◆ Problem to solve ◆
Nothing outside the range is to be copied. From the entries below, reproduce exactly the lines starting at the one with "Kukui Grove Center" and ending at the one with "Apartament jest doskonale", without pictures.

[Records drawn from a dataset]
=== Begin Enclosure ===

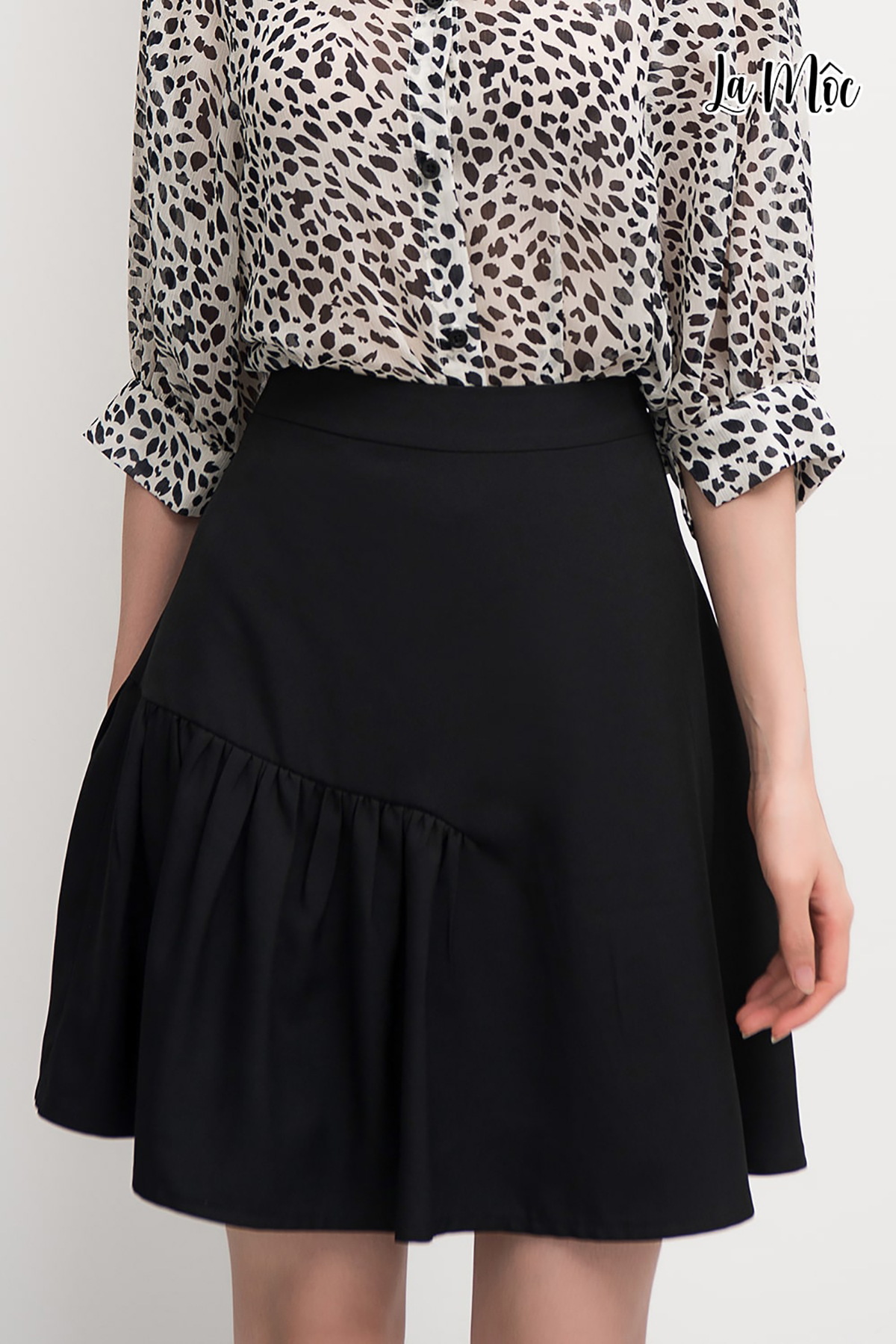 Váy đen nhún La Mộc với chất liệu xoa lụa Korea tạo cảm giác mềm mại. Thiết kế nhún phần hông trước và sau góp phần tôn dáng của nàng. Thiết kế dành riêng cho cô nagf ưa thích sự trẻ trung và năng động.
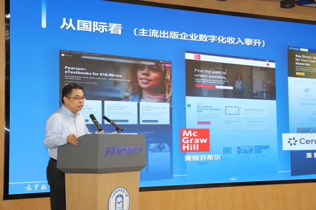 在“开辟教材建设新领域,塑造教育发展新动能基于高教社的数字教材建设实践与思考”议题中,郭金录带来了关于 “开辟教材建设新领域,塑造教育发展新动能”的分享。他以高教社数字教材建设为例,介绍了如何通过数字化教材促进教育质量的提升,助力高校教学现代化改革。
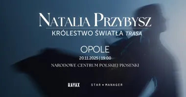 Natalia Przybysz zaprasza na koncert w ramach trasy “Królestwo Światła”, podczas którego zaprezentuje nowe piosenki utrzymane w klimatach soulowych. Wydarzenie odbędzie się w Narodowym Centrum Polskiej Piosenki w Opolu i jest zaplanowane na wieczór 20 listopada 2025 roku. Podane zostały dwie pule biletów w różnych cenach; sprzedaż prowadzona jest do wyczerpania dostępnych miejsc.
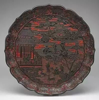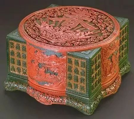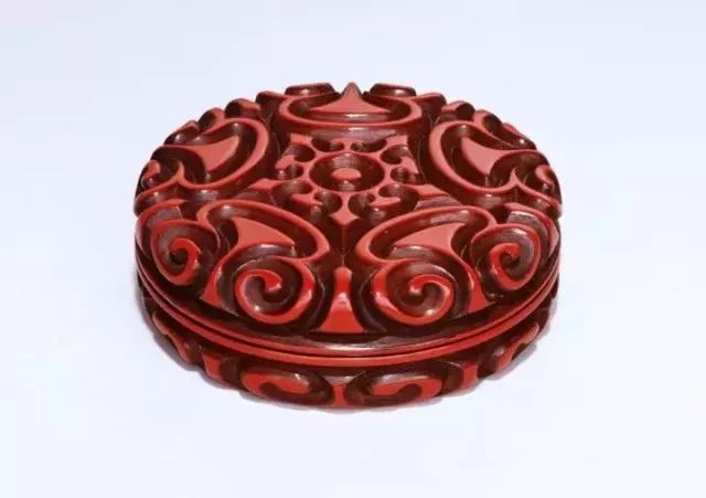 ▲剔红漆盒 明,约公元15~16世纪 高4.8厘米,直径14.6厘米
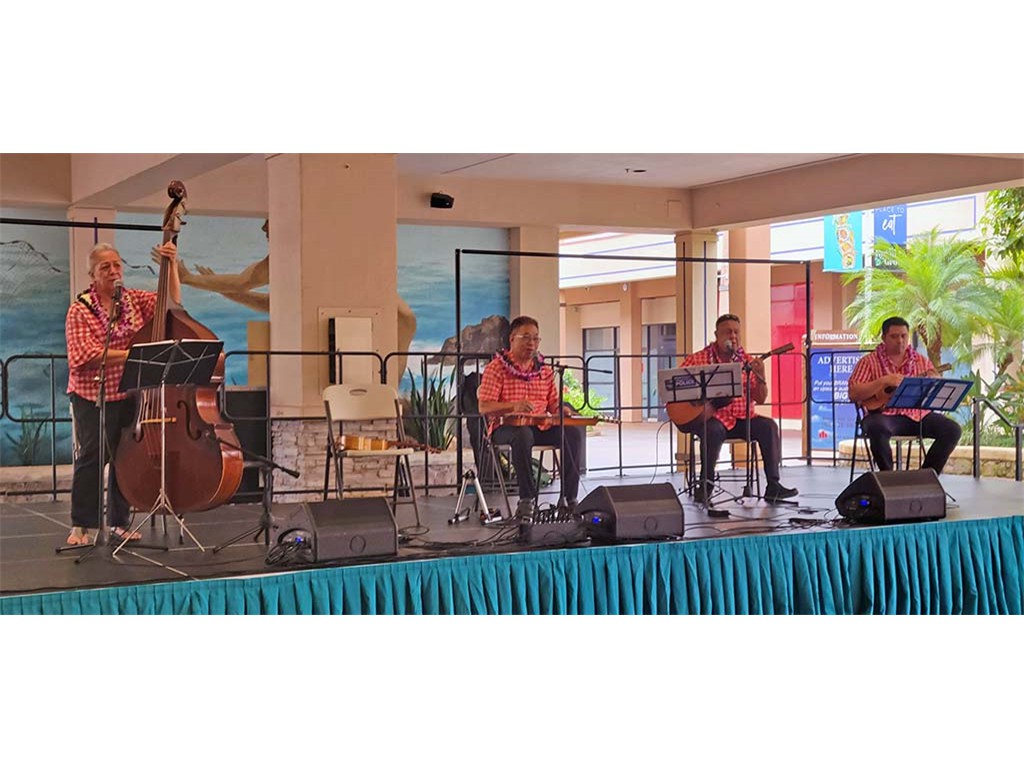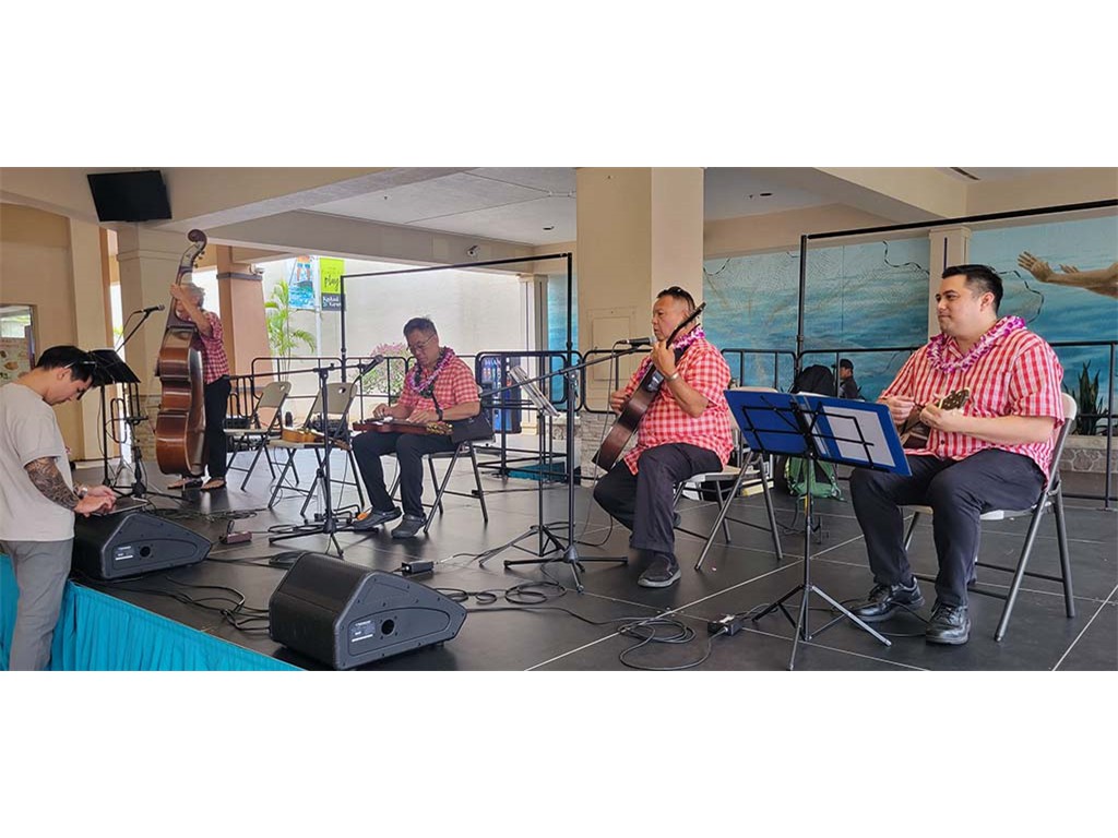 Kukui Grove Center sound check with Helene Woodward, Alan Akaka, Kaipo Asing, and Kaipo Lindsey.
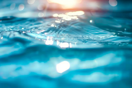 Abstract background of water in swimming pool with bokeh effect.
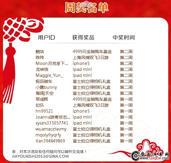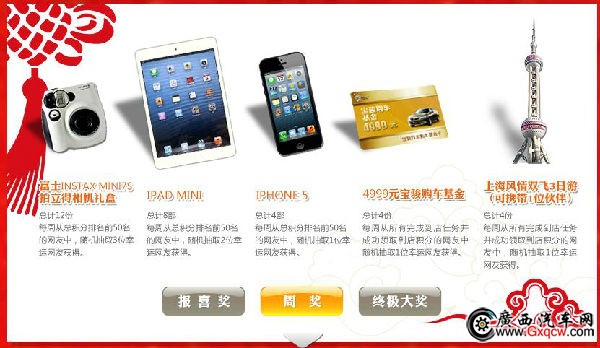 周獎的禮品更為豐厚,有富士拍立得相機禮盒、IPAD MINI、IPHONE 5、4999元的寶駿購車基金、上海風情雙飛3日游(可攜帶1位伙伴)。
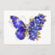 Jewellery, blue, sapphire, sparkling flower butterfly with wing decorated with blue, precious flowers with gold leaves on white background.
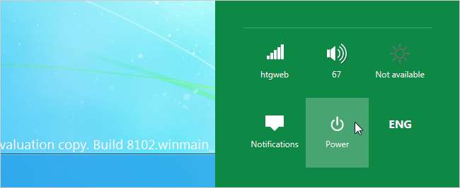 Y aquí hay un primer plano de la esquina inferior derecha, donde encontrará las nuevas opciones de Energía. Desde aquí, puede apagar o reiniciar su PC. Tu también podrías crear un acceso directo en el escritorio para apagar o reiniciar , pero es bueno saber cómo funciona el método integrado.
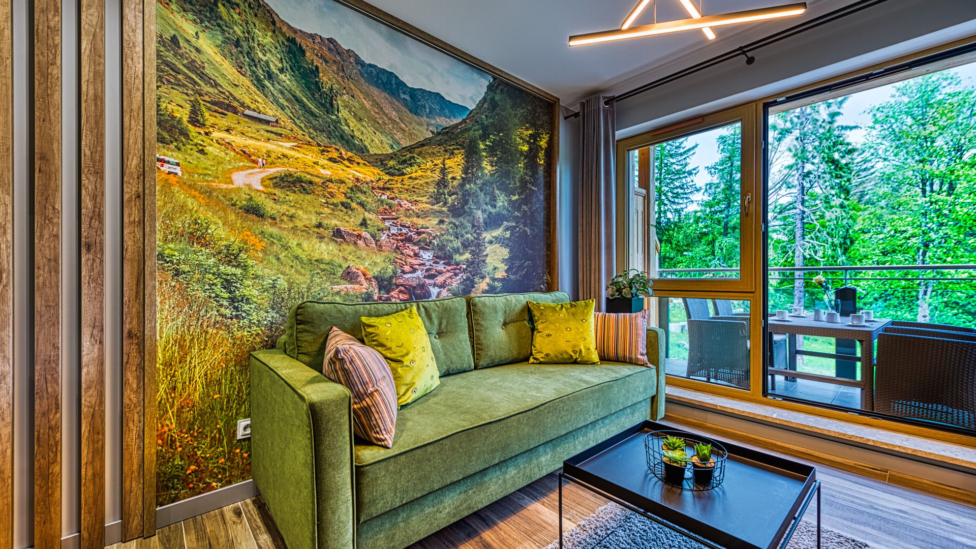 Apartament jest doskonale położony, w bliskiej odległości od restauracji, sklepów i innych atrakcji turystycznych. Dodatkowo, dla wygody naszych gości, dostępne jest miejsce parkingowe w hali garażowej. Z tarasu apartamentu możemy dostrzec Wysoki Kamień - jeden z najpopularniejszych szczytów Gór Izerskich.
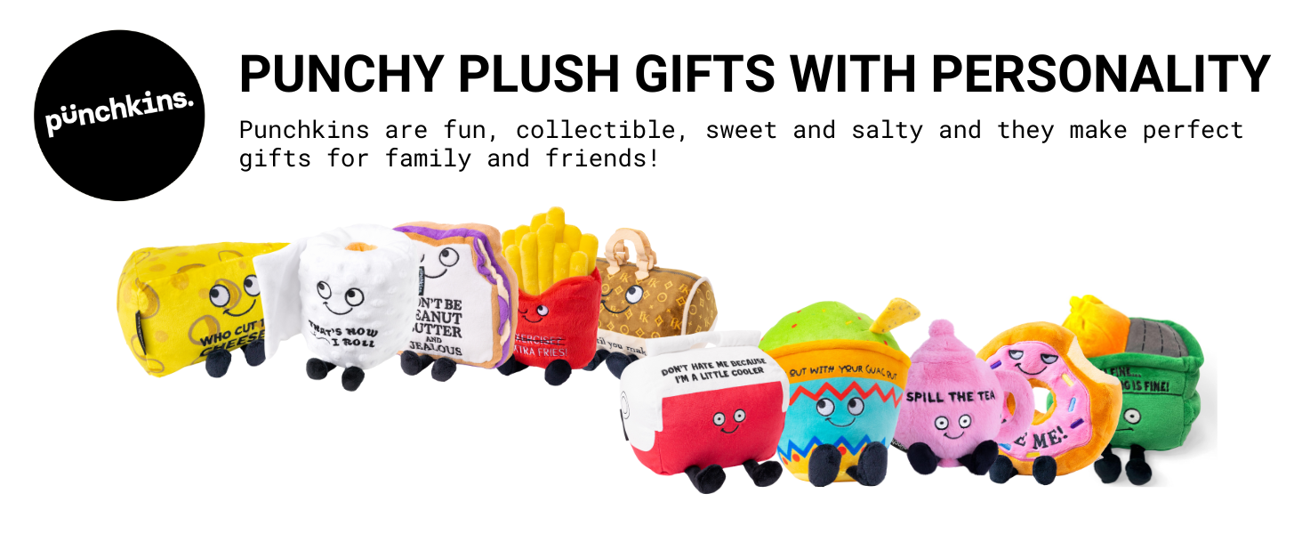 مجموعة PUNCHKIN هذه الهدايا الفاخرة محشوة بالشخصية. كل تصميم مبتكر مصنوع من قماش فائق النعومة مع تفاصيل مطرزة وخط مزخرف فكاهي. من اللطيف والمحبوب إلى الذكي والوقح، من المؤكد أن يكون Punchkin المثالي في أي مناسبة.

=== End Enclosure ===

◆ Solution to this exercise ◆
 Kukui Grove Center sound check with Helene Woodward, Alan Akaka, Kaipo Asing, and Kaipo Lindsey.
 Abstract background of water in swimming pool with bokeh effect.
 周獎的禮品更為豐厚,有富士拍立得相機禮盒、IPAD MINI、IPHONE 5、4999元的寶駿購車基金、上海風情雙飛3日游(可攜帶1位伙伴)。
 Jewellery, blue, sapphire, sparkling flower butterfly with wing decorated with blue, precious flowers with gold leaves on white background.
 Y aquí hay un primer plano de la esquina inferior derecha, donde encontrará las nuevas opciones de Energía. Desde aquí, puede apagar o reiniciar su PC. Tu también podrías crear un acceso directo en el escritorio para apagar o reiniciar , pero es bueno saber cómo funciona el método integrado.
 Apartament jest doskonale położony, w bliskiej odległości od restauracji, sklepów i innych atrakcji turystycznych. Dodatkowo, dla wygody naszych gości, dostępne jest miejsce parkingowe w hali garażowej. Z tarasu apartamentu możemy dostrzec Wysoki Kamień - jeden z najpopularniejszych szczytów Gór Izerskich.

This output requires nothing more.